This year, I started to use a more visual aspect of teaching parallel line theorems. In the past, I have just given very technical location comparisons that are not intuitive and are hard to see – especially when there are ‘trick’ questions where the angles actually have no relationship.
Before:
- Vertical angles: “angles on opposite sides of intersecting lines”
- Alternate Interior Angles: “Interior angles, non-adjacent, and on opposite sides of the transversal”
- Alternate Exterior Angles: “Exterior angles, non-adjacent, and on opposite sides of the transversal”
- Corresponding Angles: “Angles in the same ‘position’ at each intersection”
- I give them a reference to “news correspondents”, who are doing the “same” job, just in a different location
- Consecutive Interior Angles: “Interior angles, non-adjacent, and on the same side of the transversal
Now:
- Vertical Angles: Make an X shape
- Alternate Interior Angles: Make a Z shape
- Corresponding Angles: Make an F shape
- Co-interior Angles: Make a C shape
- Linear Pair: Make a T shape
To be clear, I still offer the technical definition for students who work better with exact specifications like that, and to ensure that they still understand that this isn’t simply made up relationships.

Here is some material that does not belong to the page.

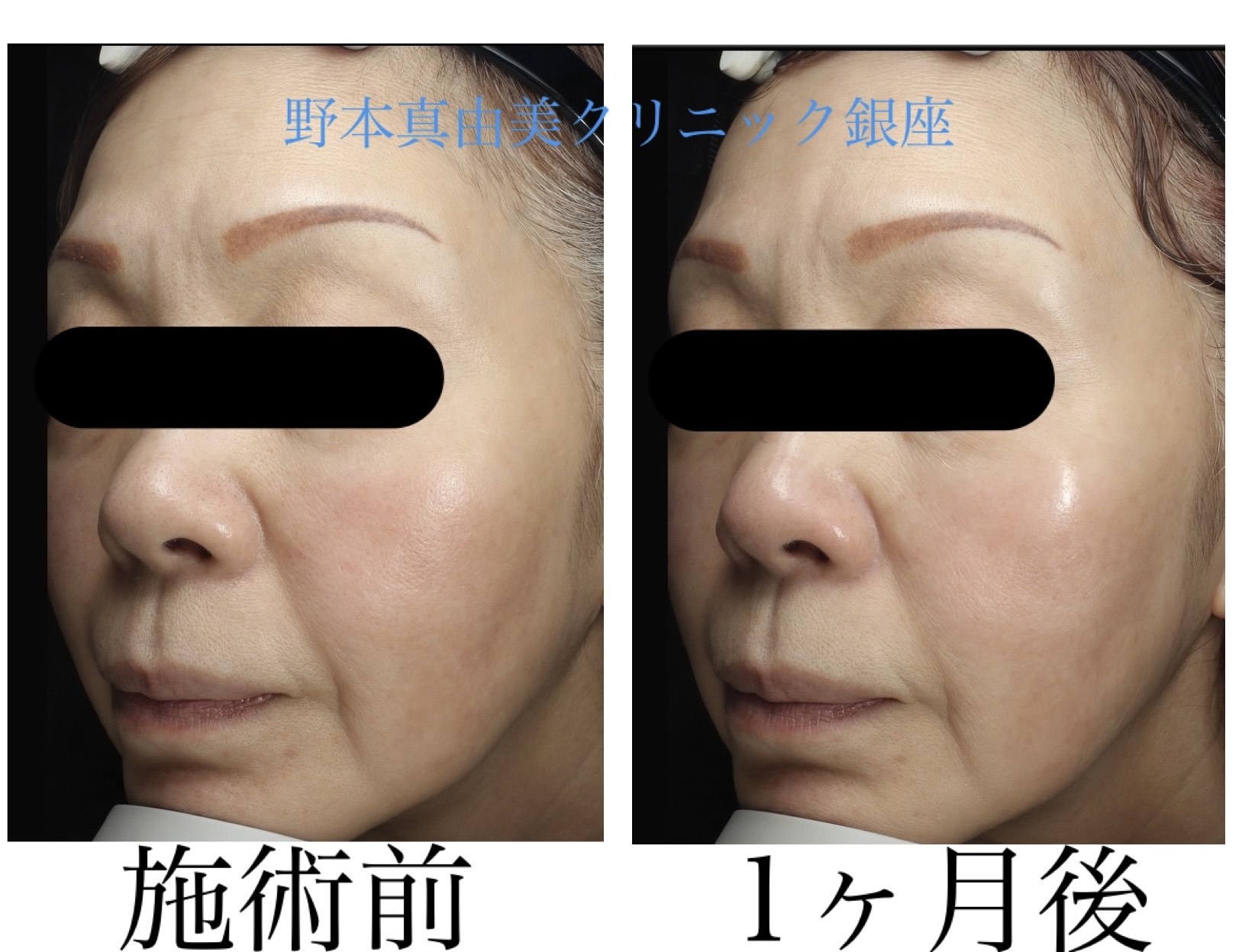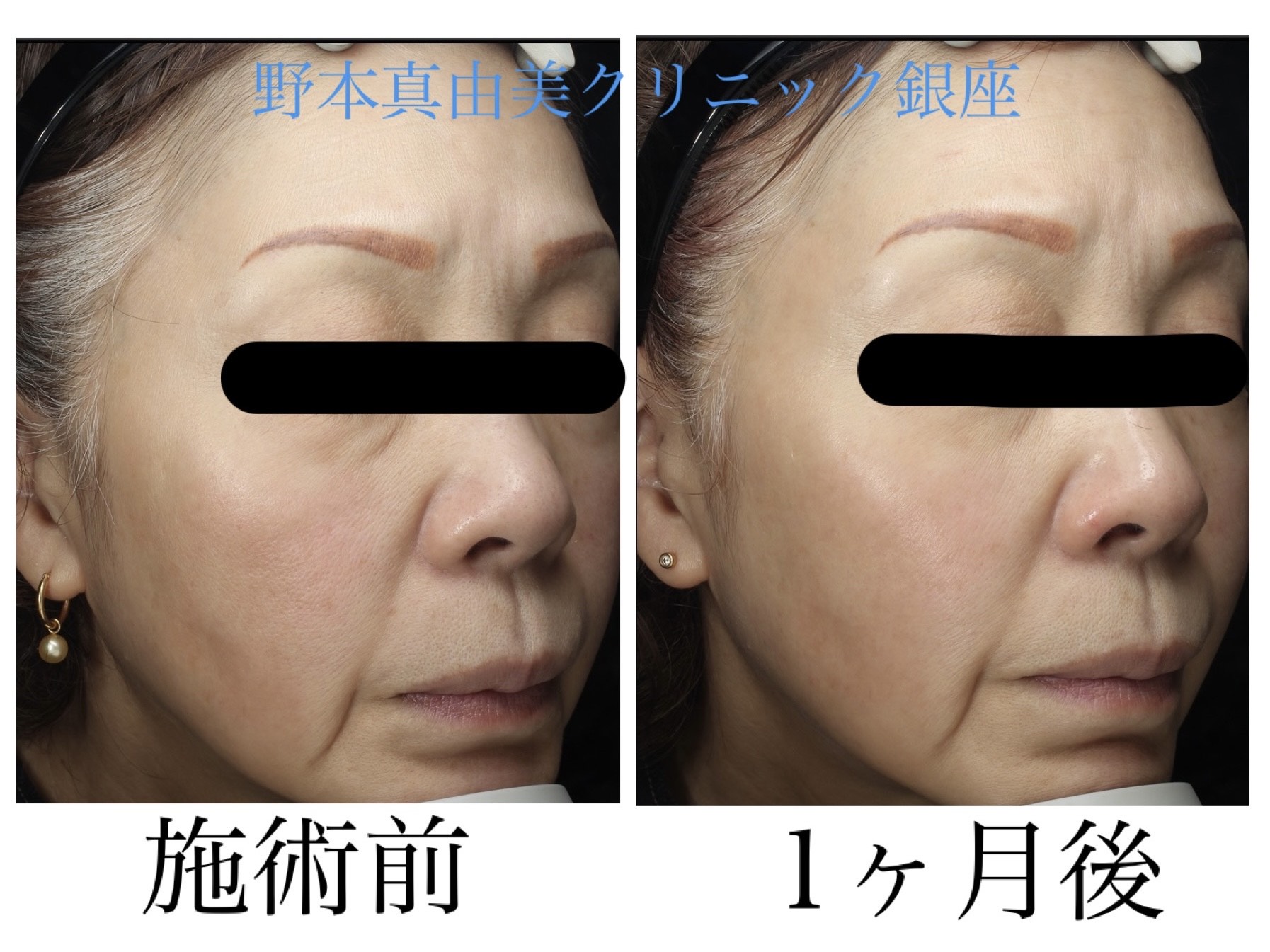 右側の変化をみると、頬がリフトアップし目の下の小じわやたるみが減っています。
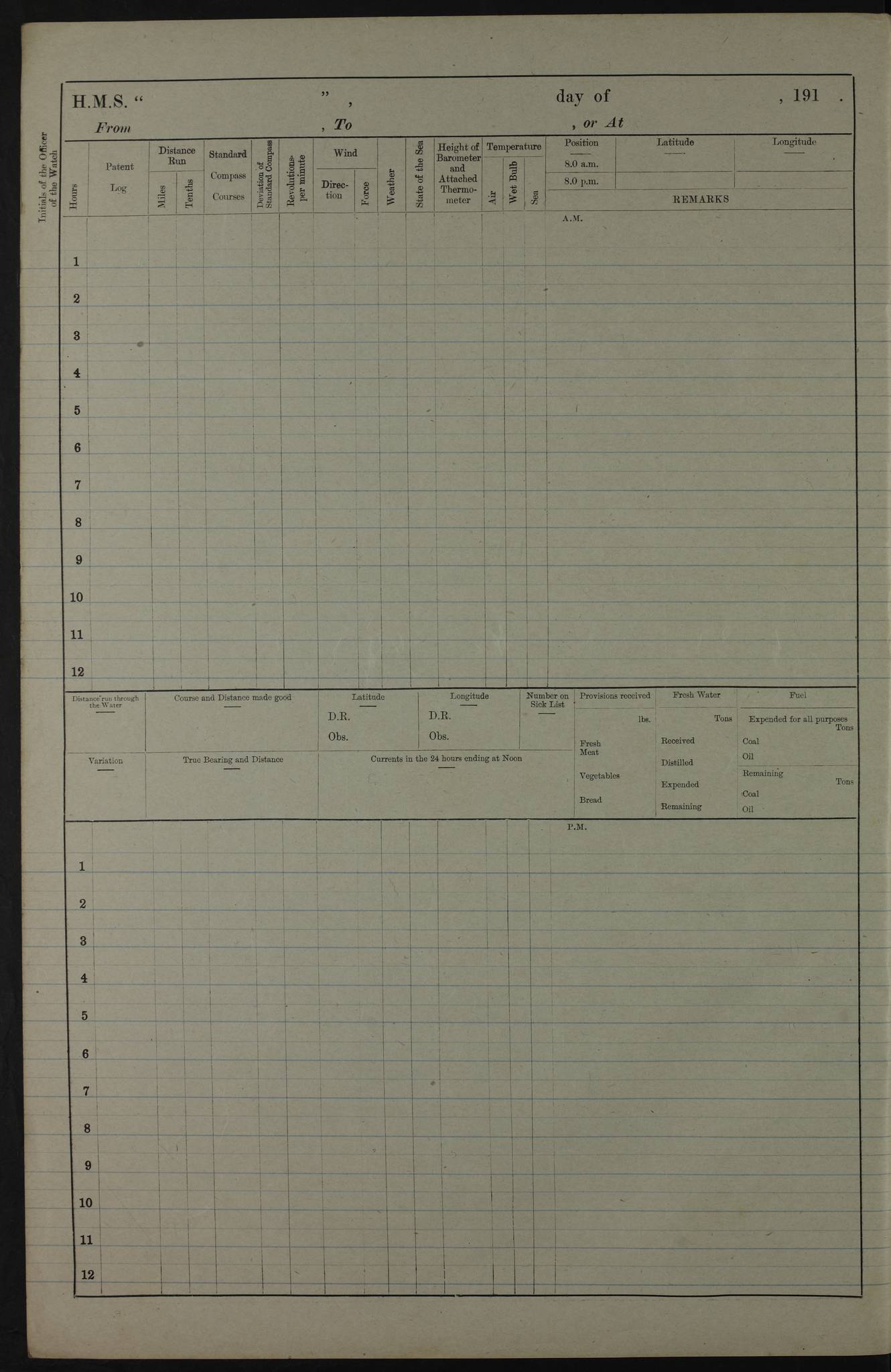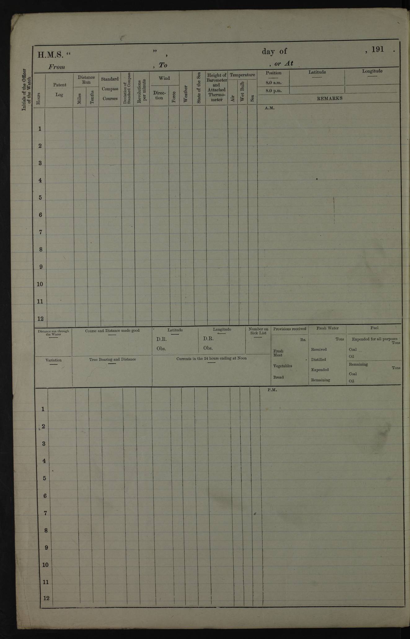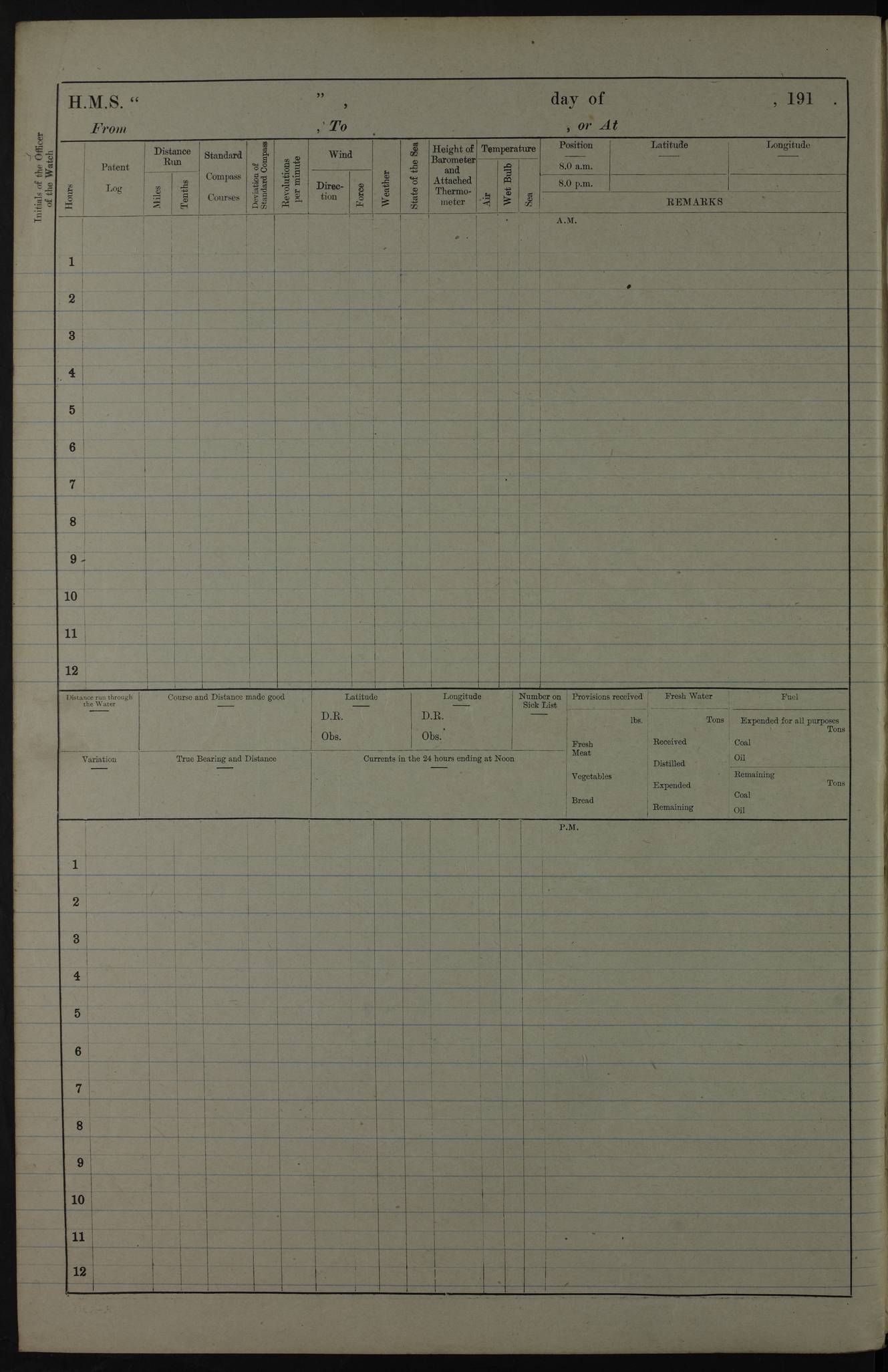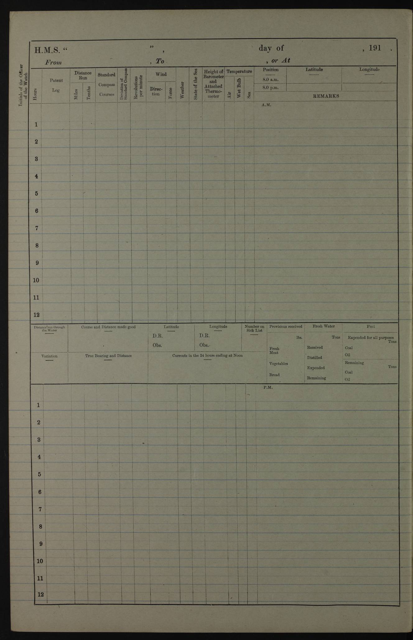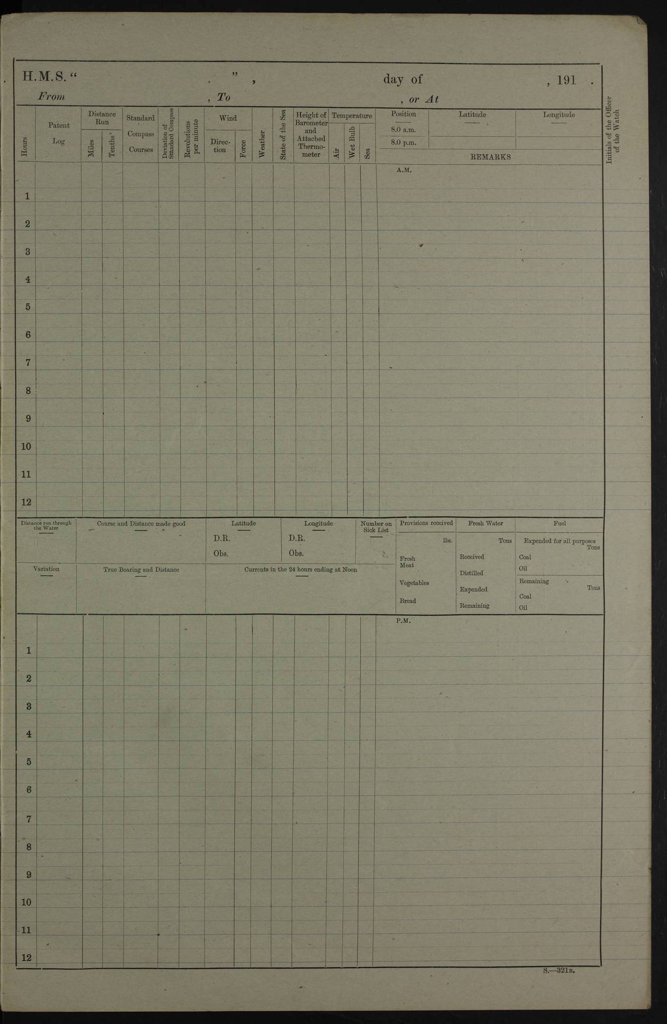 PM - Discharged To Hospital: H Widger, Engine Room Artificer - PW Harrison, Stoker Royal Navy Reserve To Motor Launch 11: J W Whitfield, Stoker 4ef4fa93e53e0a0c910056e2: (https://s3.amazonaws.com:443/oldweather/ADM53-39392/0018_0.jpg) 31 August 1916 Place: Basrah Lat 30.5269, Long 47.8407 2:00am: Rounds 5:05am: Hospital Ship SYRIA passed down 5:30am: Hands 6:00am: Morning Routine 8:00am: Wells dry – Signal Books Correct 9:30am: Divisions - Hands cleaning ship 11:00am: Drew Three Thousand Rupees from the Field treasury 12:00pm: Signal Books Correct – Issued Quinine to ship’s company 12:30pm: Piped Down 3:30pm: 4:00pm: Signal Books Correct 4:30pm: Cleared up decks 5:00pm: Evening Quarters – Leave to Watch of Naval Ratings 7:00pm: Sunset - Fire Gear in readiness 7:30pm: Liberty men returned 8:00pm: Wells dry - Signal Books Correct 9:00pm: Rounds - Signal Books Correct 11:00pm: Destroyed 19 tins Milk being unfit for use. AM – Joined From Motor Launch Depot: M. McMillan, Able Seaman From 5 Mess: T. Jackson, Petty Officer 1st From 4 Mess: T Golden, Stoker – J Tunney, Royal Navy Reserve Trawler Section From 10 Mess: J Donegan Royal Navy Reserve Trawler Section

Unfortunately, alternate exterior does not offer a good letter shape, but the students came up with ‘Reversed L’ shape as a supplement.
My students are really taking to this, and are using their diagrams more closely than past years. They are also less thrown off by ‘trick’ questions, because angles without a relationship (excluding alternate exterior angles) do not make a nice letter shape.
This visualization will come in handy when we move to triangles, because they can still see the shapes without the extended lines.
I also switched to the UK version of ‘consecutive interior’. I don’t know if that’s a problem but the students seem to remember it easier than ‘consecutive-interior’ or ‘same-side interior’, even though they still have that listed in their chapter dictionaries.